可见内核栈都是在TRAMPOLINE下面,相邻的内核栈相距2个物理页(1页用于内核栈,一页防止栈溢出覆盖数据),且分配顺序是自上而下(因为栈是向下增长的)。
结合proc_mapstacks中的p-proc不难看出,这是为每个进程划分的一块内核栈,互相独立。
对应于书中的xv6内核地址空间布局图。注意,所有进程的内核栈映射都在内核页表!!!

img.png

book-riscv-rev2.pdf#P34

  • 由于是在初始化内核页表,因此索引到的页表项pte大多情况下都是需要kalloc分配内存页
  • 上述这些操作发生时,还没有开启分页功能,因此是虚拟地址-物理地址的直接映射(direct mapping),walk将页表项指向的页的物理地址当成虚拟地址使用

引用原文的一段描述:

A page table is stored in physical memory as a three-level tree. The root of the tree is a 4096-byte
page-table page that contains 512 PTEs, which contain the physical addresses for page-table pages
in the next level of the tree. Each of those pages contains 512 PTEs for the final level in the tree.
The paging hardware uses the top 9 bits of the 27 bits to select a PTE in the root page-table page,
the middle 9 bits to select a PTE in a page-table page in the next level of the tree, and the bottom
9 bits to select the final PTE.

book-riscv-rev2.pdf#32

现在,kvmminit初始化了内核页表,kernel_pagetable指向了内核根页表(root page-table),main.c接着接着调用
kvminithart函数启用分页并刷新TLB。

kvminithart 启用分页

void
kvminithart()
{
  w_satp(MAKE_SATP(kernel_pagetable));
  sfence_vma();
}
  1. w_astp使用汇编指令,将内核页表的物理地址写入到寄存器satp
  2. sfence_vma使用RISC_V的汇编指令刷新CPU的TLB(由于读取页表映射需要进行读取内存,因此使用TLB缓存这些映射,利用局部性原理加快速度)

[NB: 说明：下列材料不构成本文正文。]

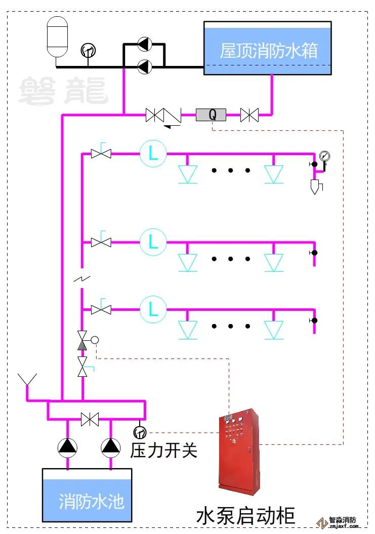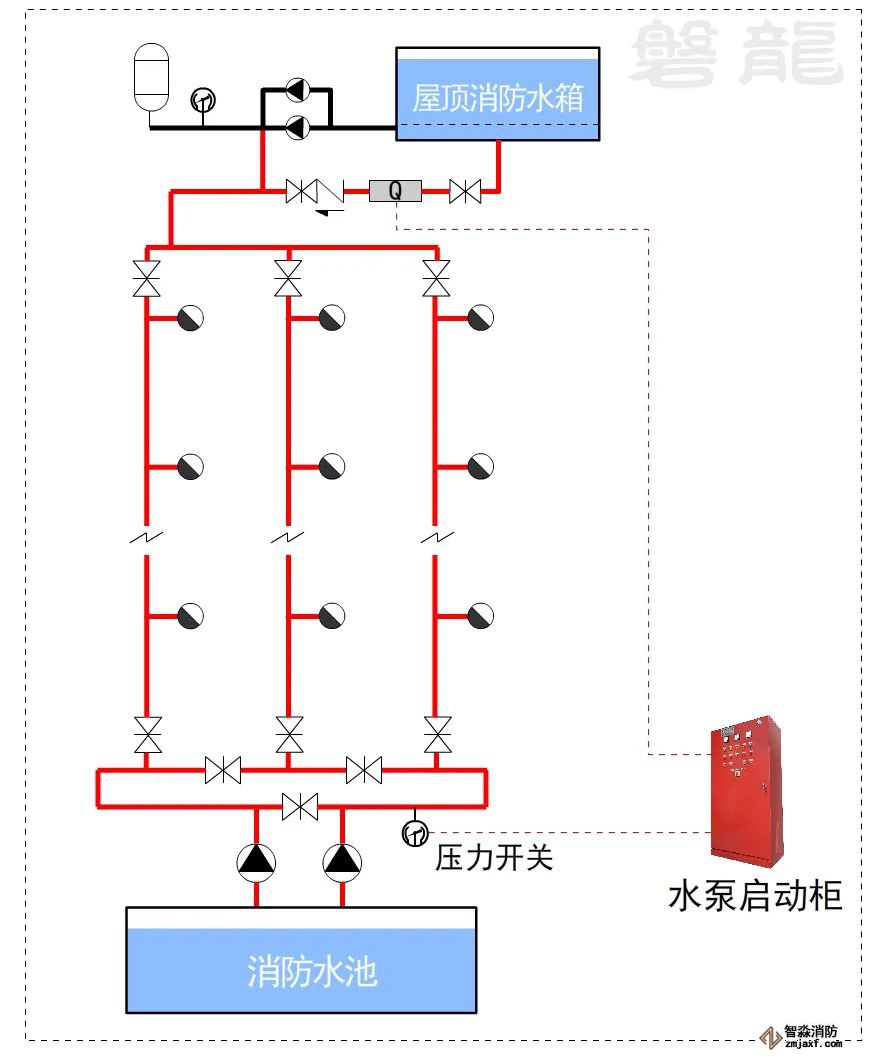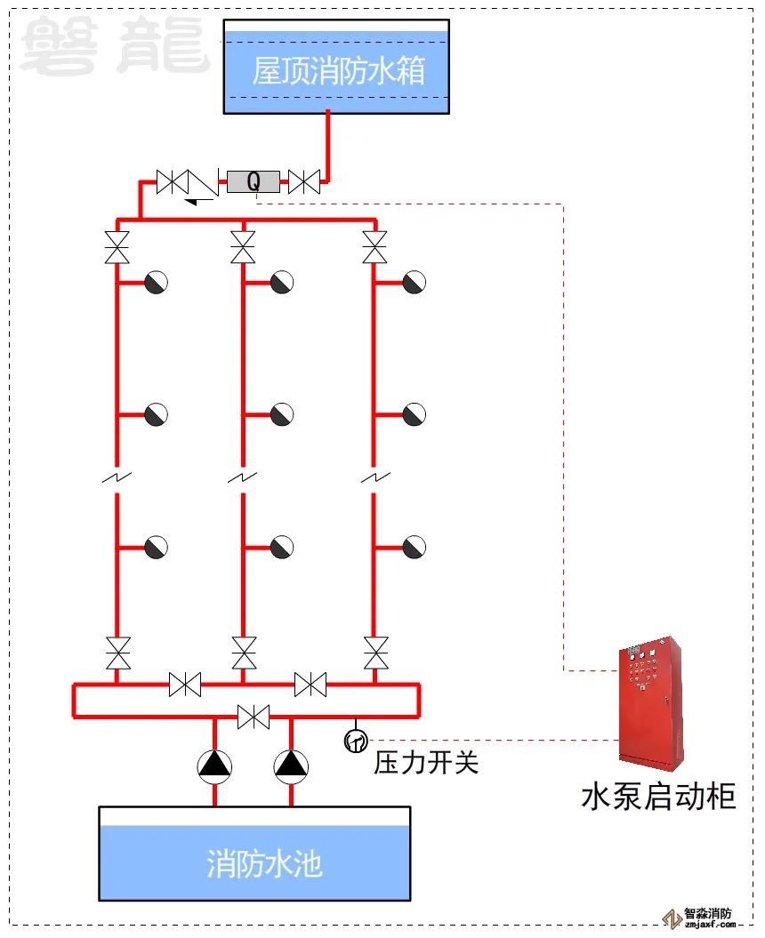 對(duì)于這類(lèi)系統(tǒng),消防水泵出水干管上應(yīng)設(shè)置壓力開(kāi)關(guān),高位消防水箱出水管上應(yīng)設(shè)置流量開(kāi)關(guān),存在問(wèn)題及解決措施: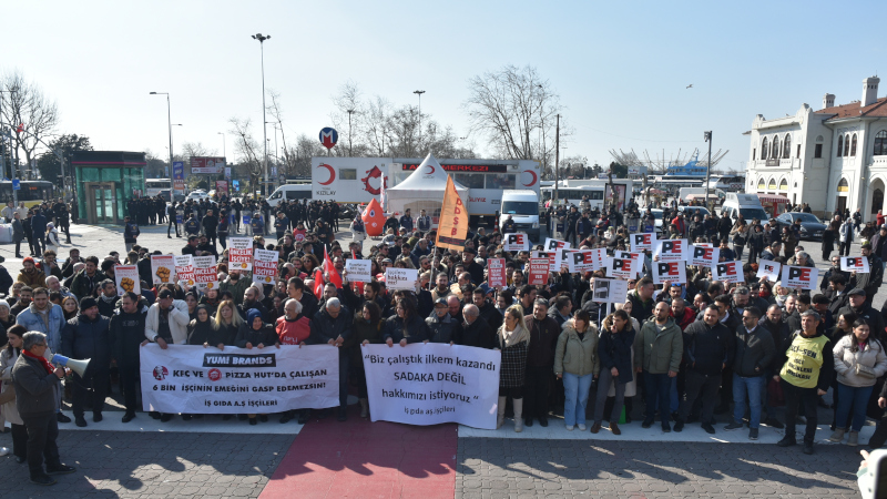 İş Gıda’nın konkordato başvurusuyla işsiz kalan KFC ve Pizza Hut işçileri, Kadıköy Rıhtım’da büyük buluşma düzenledi. “Biz Çalıştık İlkem Kazandı”, “KFC Ve Pizza Hut’da Çalışan 6 Bin İşçinin Emeğini Gasp Edemezsin” ve “Sadaka Değil Hakkımızı İstiyoruz” pankartlarının açıldığı eylemde, “İşçilere Hakkını Ver”, “Bu Menüde Direniş Var”, “Konkordato Sermayeyi Koruyor Öncelik İşçiye”, “Pizza Hut ve KFC İşçisi Yalnız Değildir” dövizleri taşındı.

kvminithart函数执行之后,后续指令使用到的虚拟地址都会被映射为正确的物理地址

kernel/kalloc.c

上述在初始化内核页表时,都是使用kalloc函数分配内存,现在来看看xv6的内存管理机制:
xv6使用一个链表来记录哪些页是可用的, 俗称”空闲链表“,且每次分配或释放的空间都是大小为4KB的页。

内存管理使用到结构体run来存储可分配空间的地址,结构体run定义如下:

struct run {
  struct run *next;
};

结构体run形成一个空闲页的链表,链表freelist和该链表的自旋锁则封装在另一个结构体kmem中:

struct {
  struct spinlock lock;
  struct run *freelist;
} kmem;

只有在获取到自旋锁时,,才能分配或释放内存,以确保线程安全。
freelist用于记录空闲内存页,那么存储这些记录的内存又从哪里来呢?
xv6将空闲链表节点存储在空闲内存页当中,空闲页page中可以存储这样一个指针p,指针p的地址就是空闲页page的地址,指针p的内容就是下一个空闲页的地址。
记住这一点,将更容易理解下面xv6的源代码。

kinit 初始化可用内存

回到xv6的启动过程,在main.c调用kvminit函数创建页表之前,先调用了kinit函数初始化可用内存。

kinit

void
kinit()
{
  initlock(&kmem.lock, "kmem");
  freerange(end, (void*)PHYSTOP);
}

kinit函数中,先初始化了空闲链表的自旋锁,在这里先不考虑自旋锁的创建细节;随后调用freerange释放end~PHYSTOP范围的物理内存。
freerange是如何释放该范围内的物理地址呢?

freerange

void
freerange(void *pa_start, void *pa_end)
{
  char *p;
  p = (char*)PGROUNDUP((uint64)pa_start);
  for(; p + PGSIZE <= (char*)pa_end; p += PGSIZE)
    kfree(p);
}

freerange函数使用riscv.h中预处理操作PGROUNDUP获取起始物理页地址,之后对该范围内的物理页依次调用kfee添加到空闲页。

现在看看kfee函数对物理页做了什么操作:

kfree

void
kfree(void *pa)
{
  struct run *r;

  if(((uint64)pa % PGSIZE) != 0 || (char*)pa < end || (uint64)pa >= PHYSTOP)
    panic("kfree");

  // Fill with junk to catch dangling refs.
  memset(pa, 1, PGSIZE);

  r = (struct run*)pa;

  acquire(&kmem.lock);
  r->next = kmem.freelist;
  kmem.freelist = r;
  release(&kmem.lock);
}

kfee先对传入的物理地址pa进行合法性判断,如地址是否按4KB对齐,地址是否在正确范围内;随后对该物理地址的内容进行垃圾填充(对已经释放的物理地址的指针引用会更快失败)。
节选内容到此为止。